If this way of eating is new to you, welcome! You’re in for a wonderful surprise. If you’re already on this journey, you probably have seen the side effects first hand, including weight loss, more energy, better sleep, and improved digestion, just for starters.

This very easy sweet potato recipe can help you get on track for the New Year, and stay on track with all of your healthy goals. Make extras to have handy throughout the week. It’s nutritious, fiber-rich and full of flavor.


4 sweet potatoes
1 10-ounce package shaved (or shredded) raw Brussels sprouts
1 14-ounce can Tri-Bean Blend (kidney, pinto, and black beans), drained and rinsed
1 tablespoon Homemade Mexican Seasoning (see below)
kosher salt and black pepper, to taste

Garnish: fresh cilantro (optional)


Preheat the oven to 375 degrees.

Prepare sweet potatoes for baking by scrubbing, then poking several times with a fork or knife for steam to escape while baking. Place sweet potatoes on a parchment paper-lined baking sheet or in a nonstick roasting pan and roast for 45 or 50 minutes, or until nice and tender. Remove from oven.

While potatoes are baking, steam sauté Brussels sprouts in a large nonstick skillet over hot heat until almost tender, adding just enough water to avoid sticking. Set aside.

Meanwhile in a small saucepan, combine beans with Homemade Mexican Seasoning and 1/4 cup of water. Bring to a boil; then quickly reduce to a simmer. Allow to heat through completely for a minute or two, until mixture is hot and bubbling and slightly thickened.

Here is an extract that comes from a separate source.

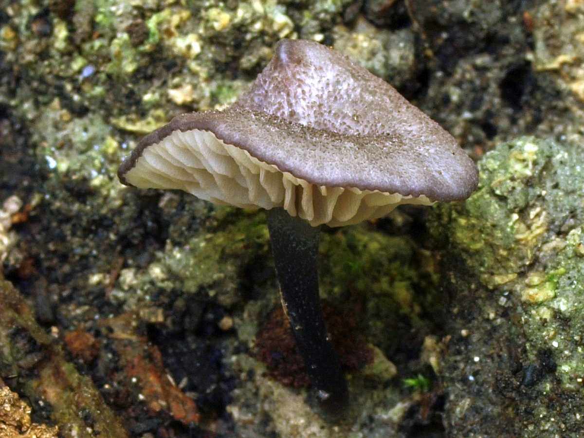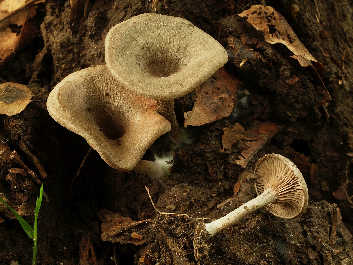 Gleich zu Beginn fanden wir zwei Rötlinge mit Trichterlingshabitus. Nummer eins hat in jungem Zustand einen blauen Stiel und einen Hut mit grau- bis lilablauen Farben, welche rasch verschwinden.

While sweet potatoes are still warm from the oven, split in half lengthwise. Mash (just slightly) with a fork and season with salt and pepper. Top each sweet potato with Brussels sprouts and seasoned bean mixture. Garnish (if desired) with fresh cilantro. Serve immediately.


I make this ahead, and just store it in a little jar with my spices. I often multiply this recipe 4 times, which makes around one cup.  

1 tablespoon chili powder
1/4 teaspoon garlic powder
1/4 teaspoon onion powder
1/8 teaspoon cayenne
1/4 teaspoon oregano
1/2 teaspoon paprika
1 1/2 teaspoons cumin
1 teaspoon kosher salt
1/2 teaspoon black pepper

Mix ingredients together in a medium size bowl, and store in a small jar or airtight container.